Syarat dan Cara Mendapatkan Fasilitas Gratis
Agar dapat menikmati fasilitas transportasi gratis ini, pegawai perlu memenuhi sejumlah syarat dan melengkapi dokumen administratif berikut:
- Memiliki KPJ yang masih aktif.
- Berpenghasilan maksimal 1,15 kali UMP Jakarta atau setara Rp 6.206.275.
Menyertakan dokumen pendukung, meliputi:
- Fotokopi KTP Jakarta, KK, dan NPWP.
- Surat keterangan aktif bekerja dari perusahaan.
- Slip gaji terakhir.
- File Excel sesuai format di bit.ly/formatkpj.

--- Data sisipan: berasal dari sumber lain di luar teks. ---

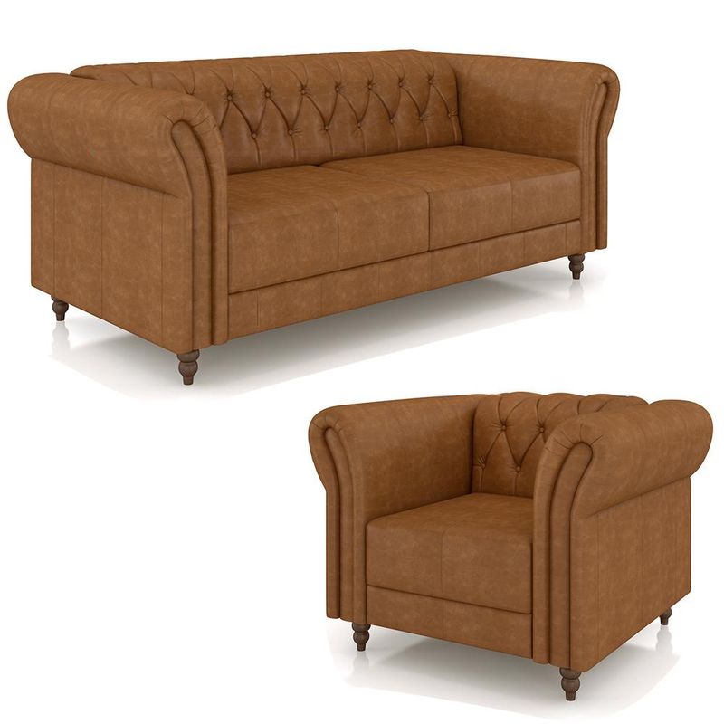 Transforme seu espaço com o Sofá e a Poltrona Stanford Chesterfield, um verdadeiro símbolo de sofisticação e conforto. Ambos os móveis são projetados com uma estrutura robusta de madeira reflorestada de eucalipto, garantindo durabilidade e um compromisso com a sustentabilidade ambiental. O encosto e os braços são preenchidos com fibra siliconada, proporcionando uma experiência de sentar-se macia e aconchegante, ao mesmo tempo que mantém a forma e o suporte.O assento é um destaque à parte, com cinta elástica italiana tensionada e uma almofada ensacada de espuma D-26, oferecendo uma sensação de conforto firme e bem estruturado. Esta combinação promove um suporte excepcional e durabilidade, ideal para o uso diário.Os pés torneados fixos são confeccionados em madeira maciça, adicionando um toque de elegância clássica e estabilidade ao conjunto. O revestimento em couro não só confere um visual luxuoso e atemporal, mas também é fácil de manter e resiste ao desgaste, garantindo que seu sofá e poltrona mantenham sua beleza por muitos anos.O Sofá e a Poltrona Stanford Chesterfield são perfeitos para quem busca um equilíbrio entre estilo sofisticado e conforto inigualável. Seja para uma sala de estar, escritório ou espaço de recepção, estes móveis agregam um toque de classe e são a escolha ideal para criar um ambiente acolhedor e refinado.

- Surat pernyataan sesuai format di bit.ly/pernyataankpj.
Proses pendaftaran dilakukan melalui badan usaha transportasi terkait seperti MRT Jakarta, LRT Jakarta, atau Transjakarta. Setelah dokumen diverifikasi, PT Bank DKI akan menerbitkan Kartu Layanan Transportasi Gratis yang berlaku selama enam bulan dan dapat diperpanjang.

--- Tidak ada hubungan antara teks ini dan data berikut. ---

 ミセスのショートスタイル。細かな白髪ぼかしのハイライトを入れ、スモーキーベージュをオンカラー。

Setelah kartu aktif, pegawai hanya perlu melakukan tap in di gerbang MRT, LRT, atau halte Transjakarta tanpa dikenai biaya. Jika kartu hilang, pengguna wajib melapor maksimal dalam waktu 3x24 jam agar kartu bisa diblokir dan diganti.
Golongan Lain yang Berhak Menikmati Transportasi Gratis
Selain pegawai swasta pemegang KPJ, terdapat 15 golongan masyarakat lain yang juga berhak menikmati layanan transportasi gratis sesuai dengan Pergub Jakarta Nomor 33 Tahun 2025 tentang Pemberian Layanan Angkutan Umum Massal Gratis. Di antaranya adalah:
- Pegawai negeri sipil (PNS) Pemprov Jakarta dan pensiunan.
- Tenaga kontrak di lingkungan Pemprov Jakarta.
- Peserta didik penerima Kartu Jakarta Pintar (KJP).
- Pekerja swasta bergaji sesuai UMP melalui Bank DKI.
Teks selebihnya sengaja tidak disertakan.